Three to five years is a reasonable time frame for a transformation programme in a significant private sector organisation but larger public sector organisations may need to think in terms of up to a decade to achieve the changes they truly want. Nonetheless, organisations should set stretch targets. The targets used should be meaningful to those who need to implement change.
He cites Southwest Airlines in the United States – the carrier Ryanair modelled itself on – as a good example. “They figured out that if they could get a plane turned around in less than 30 minutes as opposed to the then norm of 55, that they could get two extra flights a day with the same shifts. They focused on what they needed to do to achieve this, did it and became the most profitable airline in the country in the process.”
Moreover, Southwest focused on getting customers to their destinations on time, boosted the frequency of flights to give customers more convenience and competed with other modes of transport to grow the airline market.

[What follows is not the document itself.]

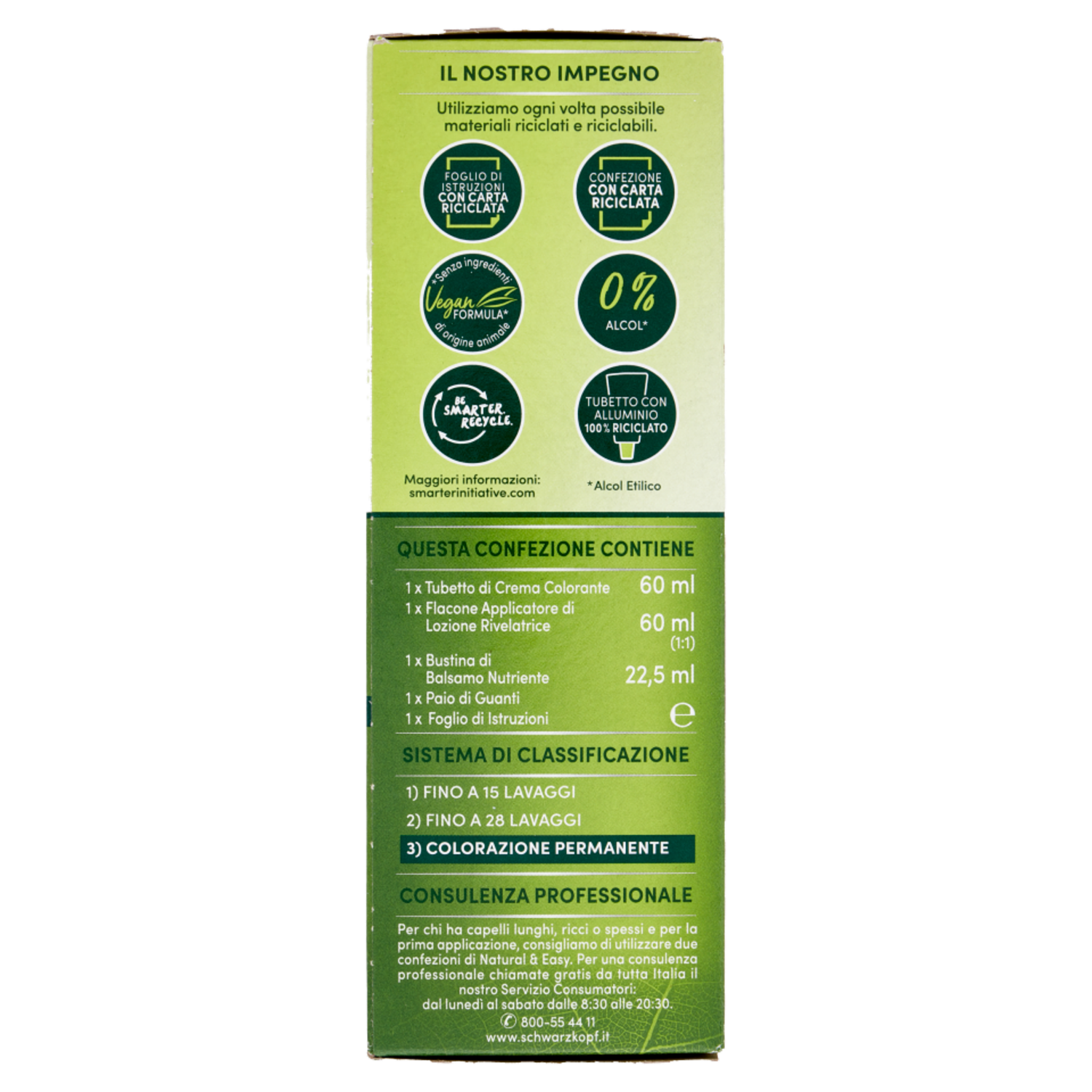 Colorazione permanente nutriente Risultato colore & ingredienti di origine naturale Il marchio Schwarzkopf Natural & Easy è amato per la sua affidabilità e per un risultato colore naturale, ricco di riflessi. Con il 93%* di ingredienti di origine naturale (* inclusa l'acqua), Natural & Easy esalta il colore naturale dei capelli donando luminosità. I restanti ingredienti, che costituiscono il 7% della formula, garantiscono il risultato colore. La nostra crema colorante nutriente con acqua di Lavanda Francese e tre tonalità colore pre-miscelate dona un risultato colore naturale, ricco di riflessi luminosi e il 100% di copertura dei capelli bianchi. Perfetto nutrimento Il Balsamo Nutriente con Olio d'Oliva del Mediterraneo è composto dal 97%* di ingredienti di origine naturale (*inclusa l'acqua) e dona nutrimento e morbidezza ai capelli per un colore luminoso. Le nostre promesse Utilizziamo ogni volta possibile materiali riciclati e riciclabili Ingredients origin 93%* Origine naturale - Olea Europea (Olive) Fruit Oil, Lavender Water, Emollient & Humectant Agent, Aqua, Consistence Regulator L'Olio d'Oliva, di origine naturale, può aiutare a rendere i capelli più morbidi. * inclusa l'acqua Il restante 7%** - Anionic Surfactant, Nonionic Surfactant, Emulsifying Agent, Thickener, Solvent, Surfactant Agent, Cationic Surfactant, Chelating Agent, Antioxidants, Cationic Polymers, Pigments, Perfume, Preservative, PH Agent, Stabilizing Agent, Oxidizing Agent, Alkaline Agent Ingredienti necessari per garantire il risultato colore (pigmenti coloranti) ** non di origine naturale Per l'elenco degli ingredienti dettagliati consultare il fondo di questa confezione.

Profitability was the consequence of the strategy but it is a “lagging indicator” he says. The strategy focus should be on improving customer experience, as, in a well-managed organisation, the profits will follow.
Incentives are important as well. “If you give employees objectives that they can understand and influence, they will respond, particularly if you can address the WIIFM (what’s in it for me) issue. If achieving these goals creates extra profits, they should share in those gains so you need to align your variable compensation to measures that drive your strategy,” Kaplan advises.
In the case of a utility company, for example, compensation could be aligned with service outages, response times or safety issues – issues employees can directly influence.
Strategy is not a secret – it’s highly public, he adds. The key is in execution which is all about communication and getting buy-in.
The current challenged environment is a time for brave and decisive leadership rather than slashing costs and hunkering down. While organisations may need to become leaner to survive, they also need to focus on where they can achieve growth.
“If the focus is too tactical and short-term, that may satisfy immediate earnings targets but it destroys value before long and the consequence is disloyal customers and poorly trained or disengaged employees,” he says. “Good CEOs are the ones who have visions that can sustain them through difficult times, who focus on how they can deliver better service to the key customers and who know how to communicate that to the key people in their organisation.”